Every line below that holds the word "pengabdian" counts once; please tally them and give only the total.

[Stored entries]
□ □ □ □
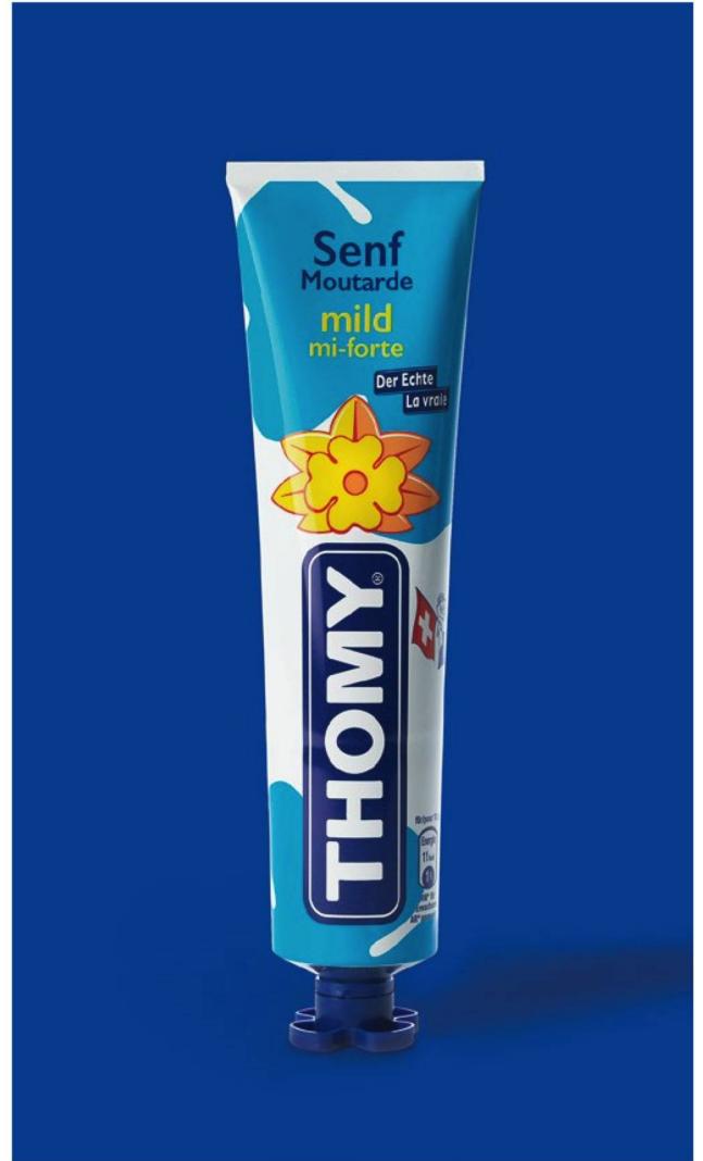
The Swiss businessman Hans Thomi was the first to put mustard into aluminium tubes in 1934 for a better shelf life.
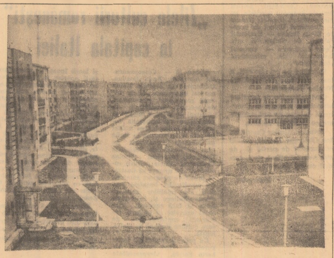
Cadru panoramic al cartierului Aeroport—Petroșani — o certă amprentă a constructorilor în lunca Jiului.
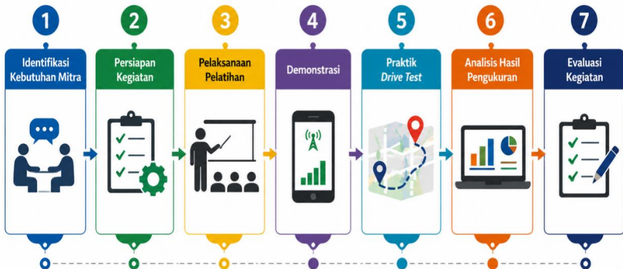
Gambar 2. Tahapan pelaksanaan kegiatan pengabdian masyarakat

Pelaksanaan kegiatan pengabdian kepada masyarakat dilakukan secara sistematis melalui lima tahapan utama, yaitu identifikasi kebutuhan mitra, persiapan kegiatan, pelaksanaan pelatihan, praktik drive test dan analisis hasil pengukuran, serta evaluasi kegiatan. Tahapan tersebut dirancang untuk memastikan bahwa materi yang diberikan sesuai dengan kebutuhan peserta dan tujuan pelatihan dapat tercapai secara optimal. Alur pelaksanaan kegiatan pengabdian ditunjukkan pada Gambar 2.
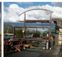
Makšķernieku nams 50
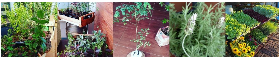
Figura 6 - Exemplo prático do processo de aprendizagem da extensão universitária com plantas medicinais e aromáticas consolidado no ambiente profissional de um ex-aluno bolsista e hoje proprietário de loja agropecuária.

diversas plantas medicinais e aromáticas (hortelã, alecrim, manjeriço), além de suculentas, hortaliças e outras plantas ornamentais (Figura 6).
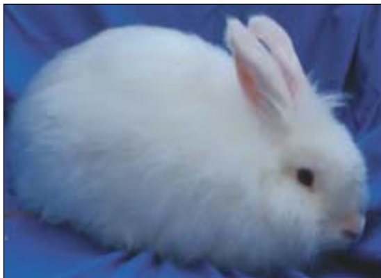
Satinangora blåøyet, ungdom

Tverrmålet/diameteren på pelshåret er tynnere enn ulla hos normal/vanlig angoraull, og ser mer glansfull ut og føles som silke. Spinning av ulla er ikke noe problem. Ulla er noe mer glattere, enn normal angora. Ulla blir helst spunnet med litt mer tvinn/vridning. Det finnes mange naturlige farger som blir en fristelse for håndspinnere.
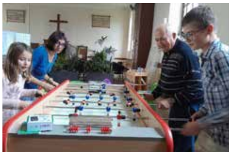
Des jeunes en pleine action le 10 novembre à Saint Sauvant !
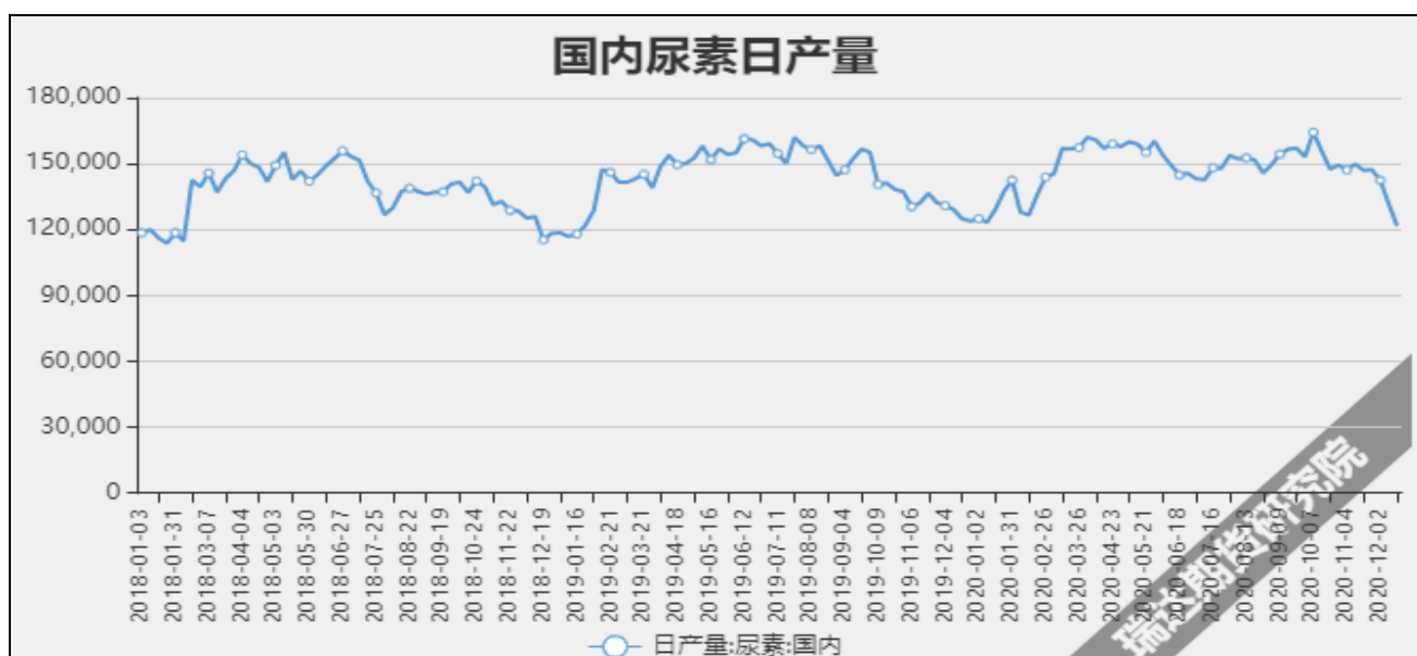
图7 国内尿素日产量
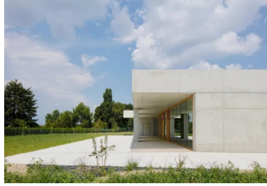
Le volume se creuse pour aménager des lieux de vie extérieurs protégés du soleil et des intempéries par les avancées de toiture.

Pour éviter aux enfants de l'école Roger Balan de devoir traverser la ville afin de rejoindre les locaux des activités périscolaires et la cantine, la ville de Saint-Marcel, voisine de Chalon-sur-Saône, a fait construire un nouvel équipement destiné à remédier à cette situation. Ce nouvel édifice abrite deux ateliers pour l'accueil périscolaire et un restaurant scolaire destinés aux enfants de maternelle et d'élémentaire de l'école Roger Balan située en face, de l'autre côté de la rue de Breuil.
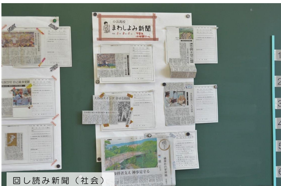
回し読み新聞（社会）
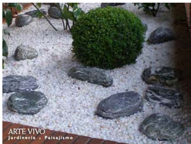
Bolos sobre Gravilla Garbancillo en jardineras de zona de entrada a viviendas en Legazpi, Madrid.
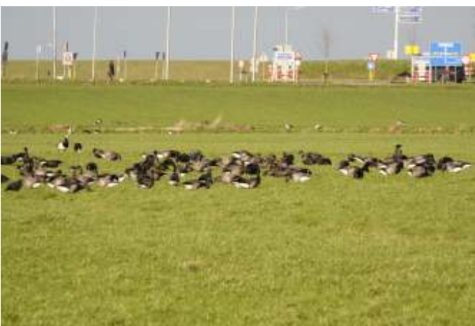
Zwarte rotgans
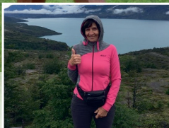
Nad žádnou změnou jsem neplakala
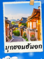
มุกซอนฮันอก
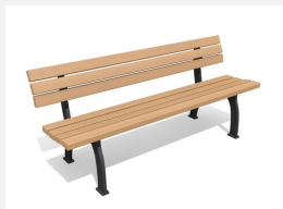
MO.09.01.H Banc Bit en bois dur
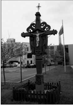
Croix sculptée par Jurgis Daugvila (1923–2008), Chicago.

Par ailleurs, la construction de croix dans des lieux publics ou leur présentation dans des expositions internationales permettaient de faire connaître le nom de la Lituanie. C'est dans cette intention que fut montré à l'exposition universelle de New-York (1964) le poteau à toit réalisé selon le projet de l'architecte Jonas Mulokas, dédié à « Ceux qui ont péri pour l'indépendance de la Lituanie ». Dans cette exposition, il n'y avait pas de pavillons nationaux séparés. C'est pourquoi il était essentiel d'obtenir l'autorisation de bâtir un monument lituanien pour les Litvaniens d'Amérique. Le poteau à toit fut choisi parce que cette forme exprime le mieux la souffrance de la Lituanie et montre la richesse et l'originalité de son art populaire, et parce que la Lituanie est connue dans le monde entier comme la terre des croix.
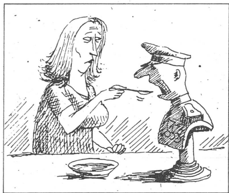
«Neue Zeit», Moskau, Nr. 2/1991.

mässige Tätigkeit als verbrecherisch erscheinen lassen?
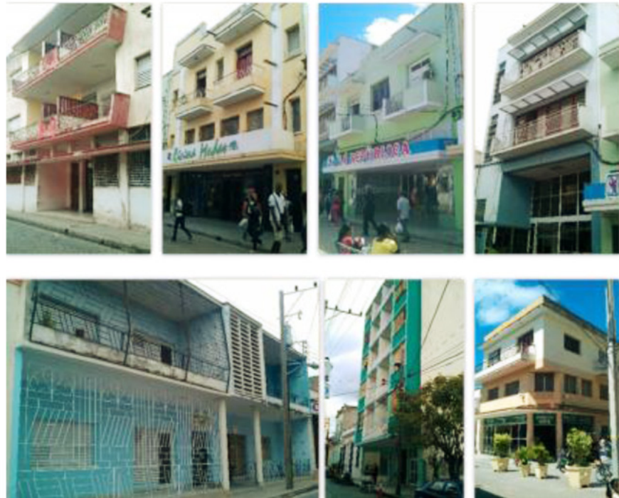
Figura 4. Ejemplares del Movimiento Moderno ubicados en el eje República.

espaciales como formales. Es de destacar la presencia de los edificios de apartamentos del Movimiento Moderno en los ejes fundamentales del centro histórico, como el eje República que tiene la peculiaridad de tener tres de forma continua y tres aislados (Fig. 4).
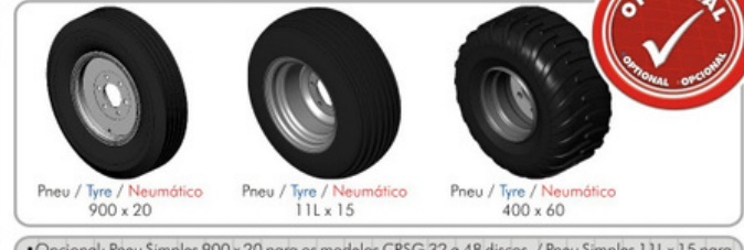
Pneu / Tyre / Neumático 900 x 20 Pneu / Tyre / Neumático 11L x 15 Pneu / Tyre / Neumático 400 x 60

•Standard: Rodeiro duplo com pneu 7.50x16 para os modelos CRSG 32 a 48 discos. •Standard: double ground wheel with tyre 7.50x16 for models CRSG from 32 to 48 blades. •Standard: Ruedas dobles con neumáticos 7.50x16 para los modelos CRSG 32-48 discos.
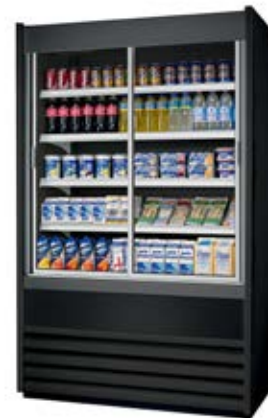
> Portes vitrées coulissantes en option
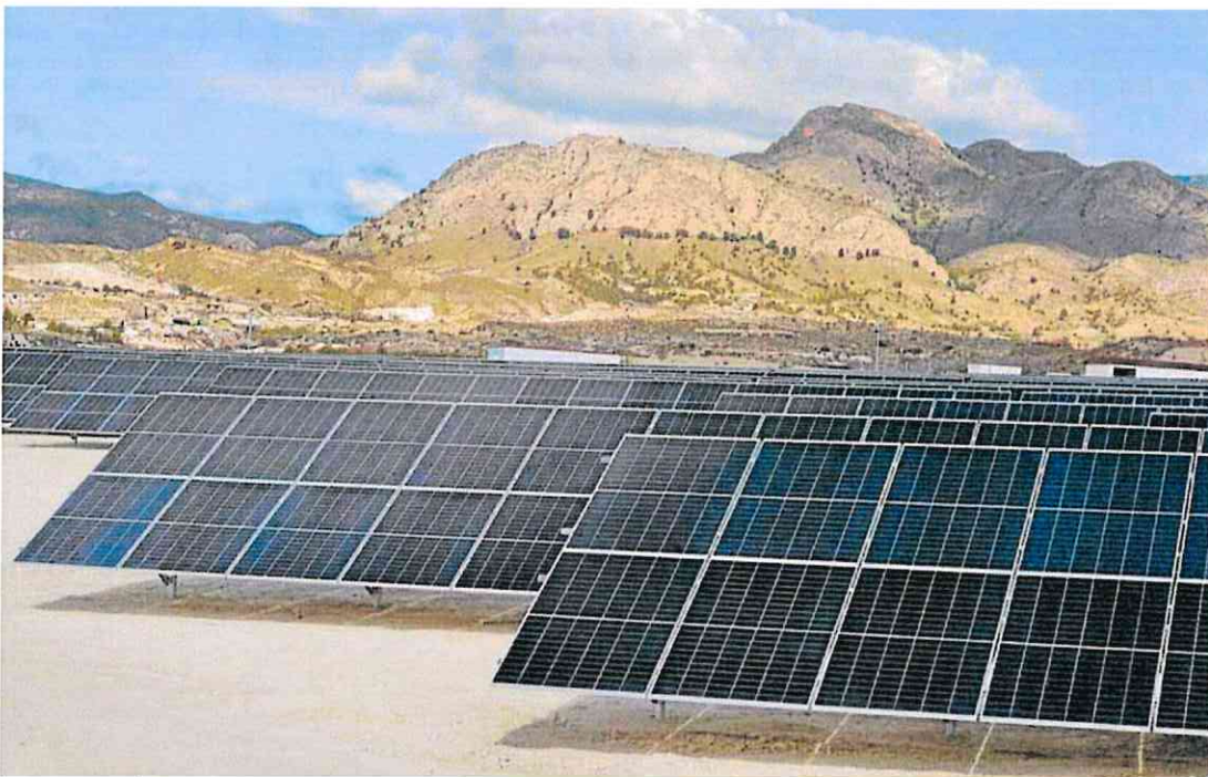
Planta solar en El Fenazar (Molina) gestionada por una sociedad participativa de cien familias de la Región de Murcia.

Los investigadores abogan por estrategias de planificación territorial mediante mapas de idoneidad en la Región
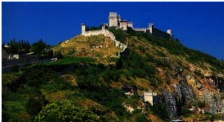
Mogočna trdnjava Rocca Maggiore nad mestom Assisijem.
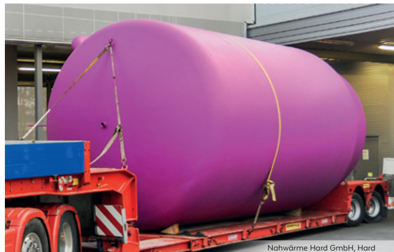
Nahwärme Hard GmbH, Hard
□ □ □ □
* RESULT OF THE EXERCISE *
2